8. The method for vehicle counting based on residual enhancement information according to claim 5, wherein in step S200, a vehicle counting model is trained according to a predicted density map and a real density map corresponding to each remote sensing image to be trained, and the method for vehicle counting comprises:

；

wherein ,is a Bayesian loss function, +.>Is a function of the count-up error,

bayesian loss functionThe definition is as follows:

；

wherein ,a Bayesian loss function corresponding to the current remote sensing image to be trained is calculated for the vehicle; n' is the total number of pixels in the predicted density map corresponding to the current remote sensing image to be trained, wherein the predicted density map corresponding to the current remote sensing image to be trained is an output result obtained by inputting the current remote sensing image to be trained into a vehicle counting model; c (C) _n Is the position of the nth pixel point in the predicted density map corresponding to the current remote sensing image to be trainedPlacing; e [ C ] _n ]The density of the vehicle at the corresponding area of the nth pixel point in the predicted density map corresponding to the current remote sensing image to be trained; />Is->A loss function;

counting error functionThe definition is as follows:

；

wherein ,a counting error function corresponding to the current remote sensing image to be trained is obtained for the vehicle counting model; f (X) is the total number of vehicles predicted according to the predicted density map corresponding to the current remote sensing image to be trained, wherein the predicted density map corresponding to the current remote sensing image to be trained is an output result obtained by inputting the current remote sensing image to be trained into a vehicle counting model; and Y is the total number of vehicles determined according to the real density map corresponding to the current remote sensing image to be trained.

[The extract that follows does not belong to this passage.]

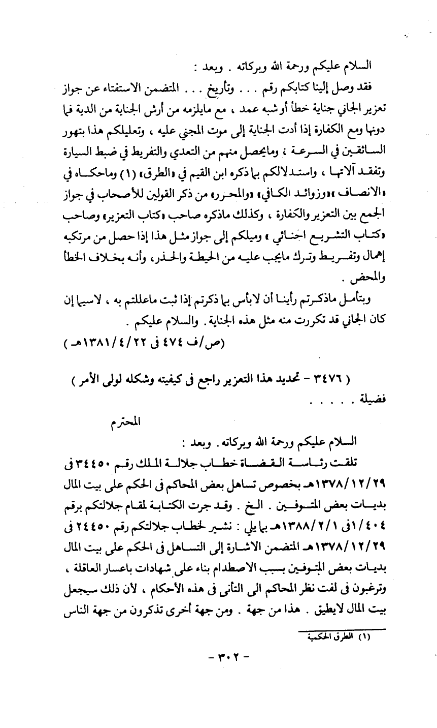 فقد وصل إلينا كتابكم رقم...... وتاريخ....... المتضمن الاستفتاء عن جواز تعزير الجاني جناية خطأ أو شبه عمد، مع ما يلزمه من أرض الجناية من الدية فما دونها ومع الكفارة إذا أدت الجناية إلى موت المجني عليه، وتعليلكم هذا بتهور السائقين في السرعة، وما يحصل منهم من التعدي والتفريط في ضبط السيارة وتفقد آلاتها، واستدلالكم بما ذكره ابن القيم في "الطرق" (¬1) وما حكاه في "الإنصاف" "وزوائد الكافي" "والمحرر" من ذكر القولين للأصحاب في جواز الجمع بين التعزير والكفارة، وكذلك ما ذكره صاحب "كتاب التعزير" وصاحب "كتاب التشريع الجنائي" وميلكم إلى جواز مثل هذا إذا حصل من مرتكبه إهمال وتفريط وترك ما يجب عليه من الحيطة والحذر، وأنه بخلاف الخطأ والمحض.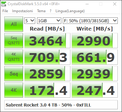 Prestazioni invariate occupando ben 2 dei 4 TB disponibili sul Rocket 3.0. Un risultato decisamente sorprendente.

9. An electronic device, comprising:

a memory;

a processor; and

a computer program product comprising a computer program product,

wherein the computer program is stored in the memory and configured to be executed by the processor to implement the residual enhancement information based vehicle counting method of any one of claims 1 to 8.

10. A computer-readable storage medium, characterized in that the computer-readable storage medium has stored therein a computer program that is executed by a processor to implement the residual enhancement information-based vehicle counting method of any one of claims 1 to 8.